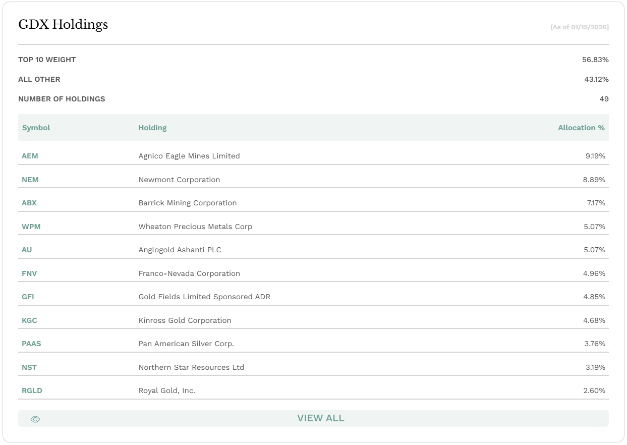 The next ETF is GDXJ, which is the Junior Gold Miners ETF. It is similar to GDX but has companies with much smaller market caps than those in GDX.
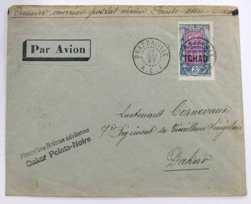 1937. Precioso sobre por avión de Brazzaville a Dakar con marca de Primer Vuelo Dakar Pointe-Noire.
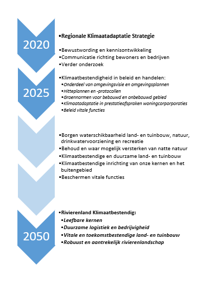 Vanuit deze strategische lijnen op korte termijn, zijn onze ambities geformuleerd om toe te werken naar een klimaatbestendig Rivierenland in 2050:
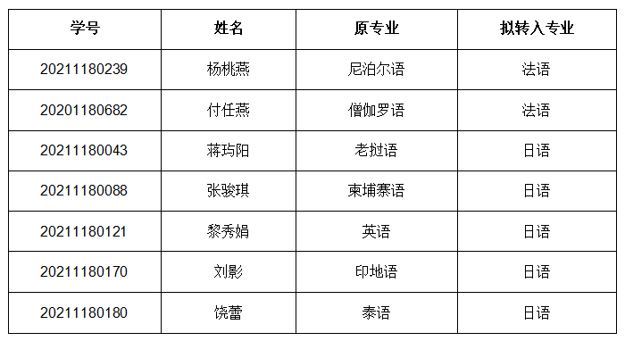 根据《关于2022年春季学期云南大学本科学生自主选择专业工作的通知》,外国语学院经过面试考核,现将2022年春季学期专业分流第二阶段拟接收学生名单公示如下:
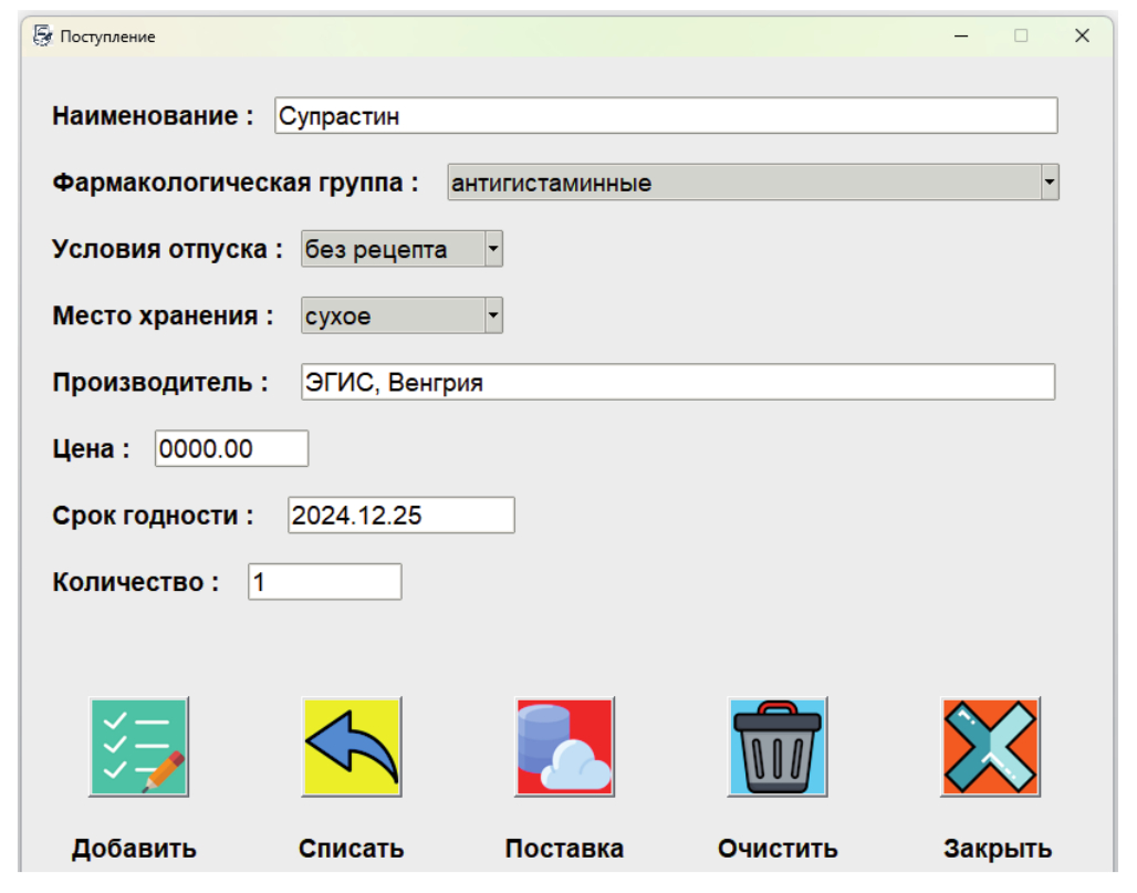 Раздел «Поступление» связан с добавлением в БЗ нового наименования и его характеристик (рисунок 6). На вкладке есть несколько текстовых полей, в которые можно занести название ЛС, его фармакологическую группу, условия отпуска, место хранения, название фирмы-производителя, цену на товар, срок годности и количество. Некоторые позиции представлены раскрывающимися списками (например, из условий хранения можно выбрать сухое, тёмное или прохладное место, а для условий отпуска - без рецепта и по рецепту.

○ ○ ○

● **YOUR OBJECTIVE**
Retype the data shown above exactly, excluding any picture it contains.

● **TASK RESULT**
 The next ETF is GDXJ, which is the Junior Gold Miners ETF. It is similar to GDX but has companies with much smaller market caps than those in GDX.
 1937. Precioso sobre por avión de Brazzaville a Dakar con marca de Primer Vuelo Dakar Pointe-Noire.
 Vanuit deze strategische lijnen op korte termijn, zijn onze ambities geformuleerd om toe te werken naar een klimaatbestendig Rivierenland in 2050:
 根据《关于2022年春季学期云南大学本科学生自主选择专业工作的通知》,外国语学院经过面试考核,现将2022年春季学期专业分流第二阶段拟接收学生名单公示如下:
 Раздел «Поступление» связан с добавлением в БЗ нового наименования и его характеристик (рисунок 6). На вкладке есть несколько текстовых полей, в которые можно занести название ЛС, его фармакологическую группу, условия отпуска, место хранения, название фирмы-производителя, цену на товар, срок годности и количество. Некоторые позиции представлены раскрывающимися списками (например, из условий хранения можно выбрать сухое, тёмное или прохладное место, а для условий отпуска - без рецепта и по рецепту.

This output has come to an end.